We recognize that one of the main impetuses behind the de minimis
doctrine in wage cases is “the practical administrative difficulty of recording small
amounts of time for payroll purposes.” (Lindow, supra, 738 F.2d at p. 1062; see
29 C.F.R. § 785.47 (2018) [insignificant periods of time “which cannot as a
practical administrative matter be precisely recorded for payroll purposes, may be
disregarded”].) But employers are in a better position than employees to devise
alternatives that would permit the tracking of small amounts of regularly occurring
work time. One such alternative, which it appears Starbucks eventually resorted to
here, was to restructure the work so that employees would not have to work before
or after clocking out. Moreover, as noted, technological advances may help with
tracking small amounts of time. An employer may be able to customize and adapt
available time tracking tools or develop new ones when no off-the-shelf product
meets its needs. And even when neither a restructuring of work nor a
technological fix is practical, it may be possible to reasonably estimate work time
— for example, through surveys, time studies, or, as See’s Candy suggested, a fair
rounding policy — and to compensate employees for that time.

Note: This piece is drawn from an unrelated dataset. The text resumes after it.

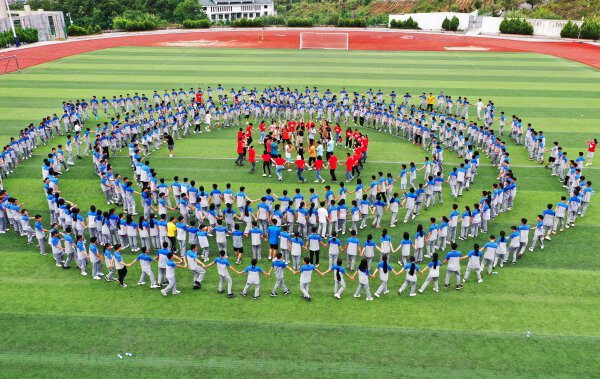 2021年6月2日,貴州省從江縣第二民族高級中學的高三學生在參加吹蘆笙踩歌堂減壓活動(無人機照片)。

Under the
circumstances of this case, we decline to adopt a rule that would require the
employee to bear the entire burden of any difficulty in recording regularly
occurring work time.

Outcome: We hold that the relevant California statutes and wage order have not incorporated the de minimis doctrine found in the FLSA. We further conclude that although California has a de minimis rule that is a background principle of state law, the rule is not applicable here. The relevant statutes and wage order do not allow employers to require employees to routinely work for minutes off-theclock without compensation. We leave open whether there are wage claims involving employee activities that are so irregular or brief in duration that it would not be reasonable to require employers to compensate employees for the time spent on them.